IRVING, Texas – There are more undrafted captains for the Cowboys for the 2014 season than drafted ones.
Tony Romo and Jason Witten have been mainstays as the two offensive captains and remain that way, and Dan Bailey is once again the special teams captain. The two captains representing the defense this year are Barry Church and Justin Durant.
With DeMarcus Ware gone and Sean Lee injured for the 2014 season, Church and Durant are the newcomers to the group of five captains. In Church, Romo and Bailey, three of the Cowboys' five captains were undrafted players.
Head coach Jason Garrett said Church, who was named the team's 2013 Defensive MVP at the annual kickoff luncheon, has shown what he's all about. This is just another example of him taking advantage of an opportunity.
"An undrafted free agent that's come in here and told us he needs to make this football team and shows us every day he deserves to be a part of that," Garrett said. "Everything we've asked him to do since he's been here, he's always overproduced."
Church led the Cowboys with 133 tackles last season in his first year back from a torn Achilles. [embedded_ad]
"There were questions about whether or not he could play on defense, is he only a special teams guy, is he only a down low player, can he play on the back end, and every turn he's stepped up and done some really good things for us," Garrett said. "Again, was the MVP of our defense last year and continued to get better and better and has got some natural leadership qualities to him. Guys gravitate towards him, just the way he goes about his business, how he plays, and it's a well-deserved honor for him."
As for Durant, he's been the most consistent linebacker at training camp in a year some considered him a bubble player to start out with. That's certainly no longer the case. Garrett said Durant's stepped up after the Cowboys lost Lee, and that's what they needed.
"Justin's really taken the bull by the horns and shown us that he needs to be the leader of that defense," Garrett said. "He's very comfortable making calls, making adjustments and maybe more than anything else, he does it with his play every day in practice. In the preseason games, he brings it and again, guys gravitate towards that and really respect that."
Durant admittedly isn't the most vocal player on the team, but that's not why he won the award. It's because of how he performed on the field every day.
He said he's humbled and honored that his teammates chose him to be one of the leaders.
"I think they saw how dedicated I was coming in, how hard I worked, the plays that I was making during camp and just overall what they think I brought to the team," Durant said. "I think that I'm just a person who, not really much of a talker, but just try to go out there and lead by example. The guys, they definitely have respected that."
Durant will likely be the linebacker to relay the calls and make the defensive adjustments this season from the weak side linebacker spot.
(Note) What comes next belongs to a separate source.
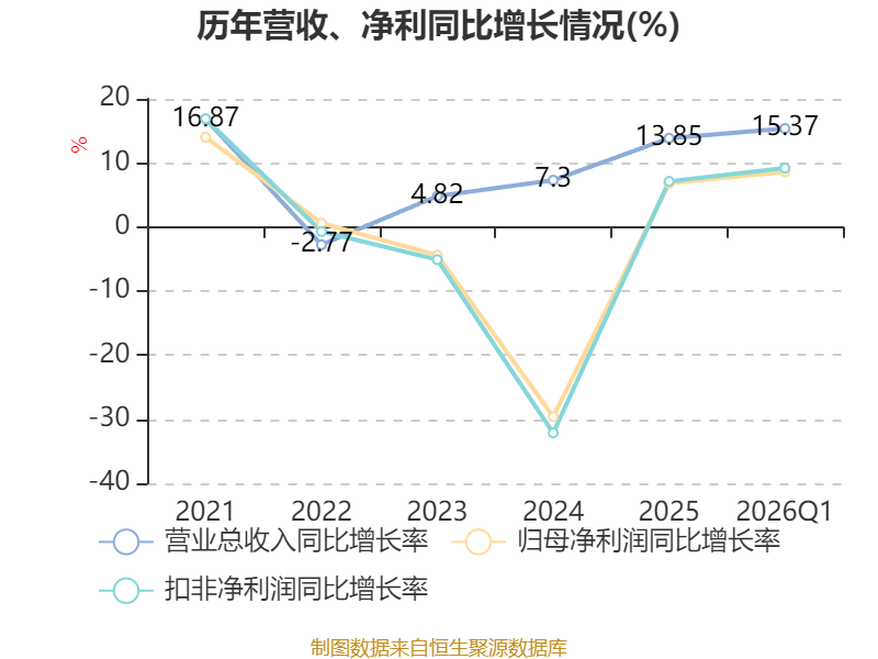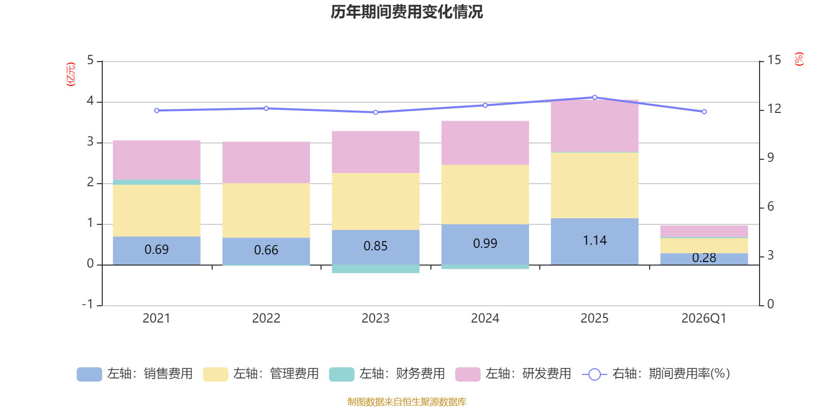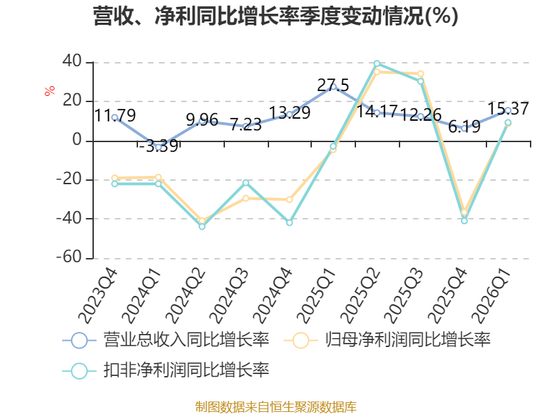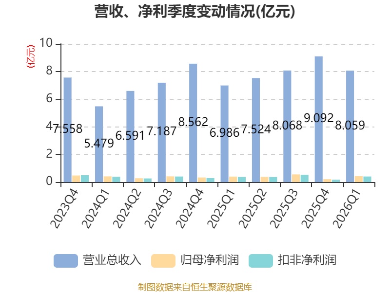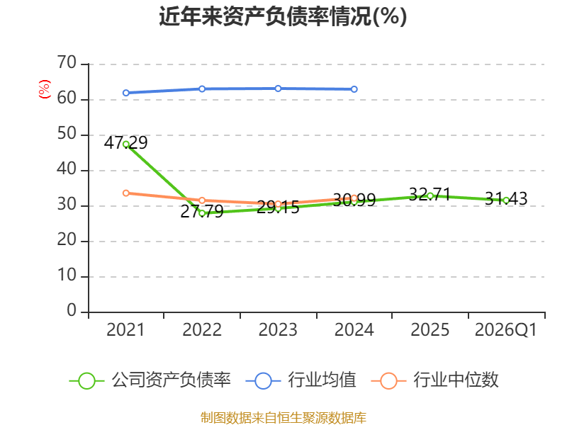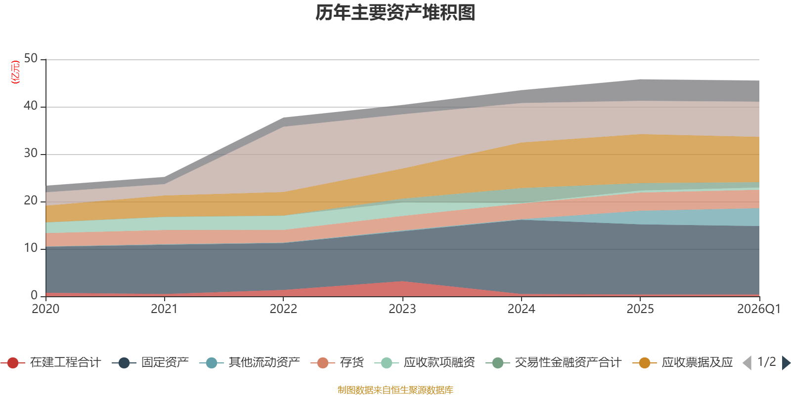 资产重大变化方面,截至2026年一季度末,公司其他流动资产较上年末增加31.97%,占公司总资产比重上升2.05个百分点;应收票据及应收账款较上年末减少7.62%,占公司总资产比重下降1.61个百分点;交易性金融资产合计较上年末减少27.72%,占公司总资产比重下降0.94个百分点;货币资金较上年末增加5.51%,占公司总资产比重上升0.94个百分点。

That's a role typically reserved for the middle linebacker, but they trust Durant with it.
That ability to do whatever is asked of him, even make the calls, is just part of his versatility. Durant's capable of playing any of the three linebacker spots, starting camp in the middle and now moving over to the weak side. He also played on the strong side last season.
"Versatility certainly makes you valuable," Garrett said. "He's had an ability to play each of those spots on that defense - the Mike, the Will and the Sam. You need your linebackers to be able to do that… He's proven that he can be really effective at all three spots."